Dataset extract:
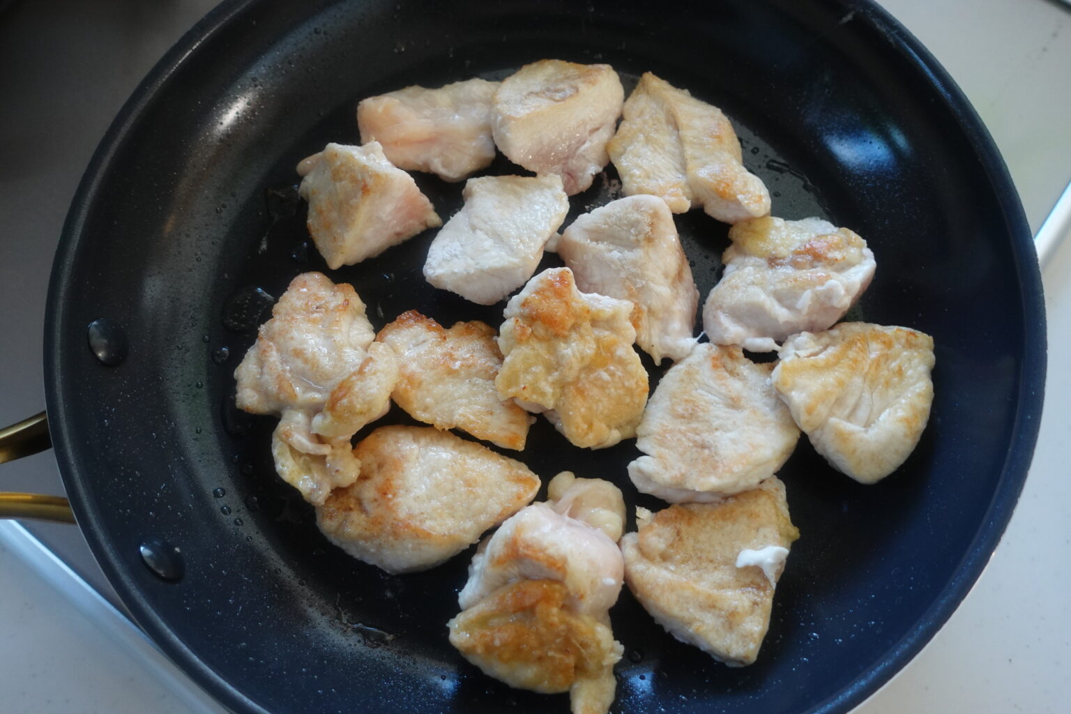 フライパンに油を熱し、鶏むね肉の皮目を下にして中火で焼く。こんがり焼けたら裏返して中まで火が通るまで炒める。
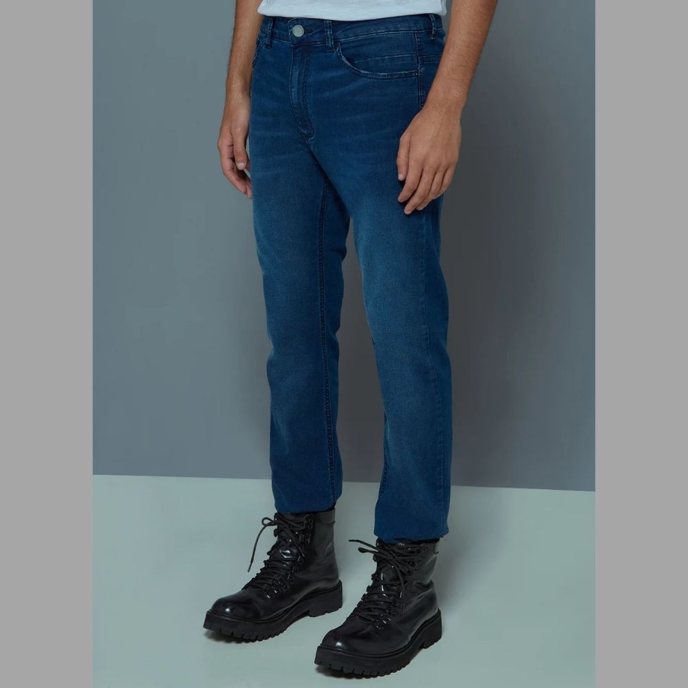 Confeccionada em jeans com lavagem médio, a calça possui cós com passantes, fechamento frontal por zíper e botão, bolsos frontais e posteriores, modelagem slim e acabamento pespontado.
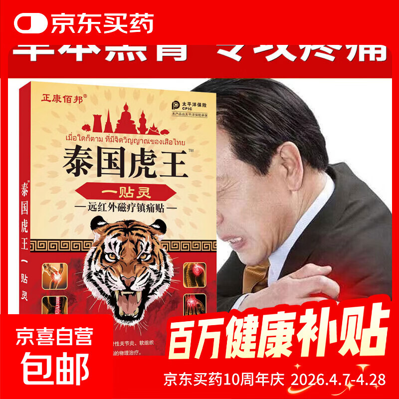 泰国虎王一贴灵关节不适老虎贴膏药贴发热穴位贴 泰国虎王一贴灵8贴/盒

Task goal: Could each line of the data be written out exactly, with no pictures included?

Exercise response:
 フライパンに油を熱し、鶏むね肉の皮目を下にして中火で焼く。こんがり焼けたら裏返して中まで火が通るまで炒める。
 Confeccionada em jeans com lavagem médio, a calça possui cós com passantes, fechamento frontal por zíper e botão, bolsos frontais e posteriores, modelagem slim e acabamento pespontado.
 泰国虎王一贴灵关节不适老虎贴膏药贴发热穴位贴 泰国虎王一贴灵8贴/盒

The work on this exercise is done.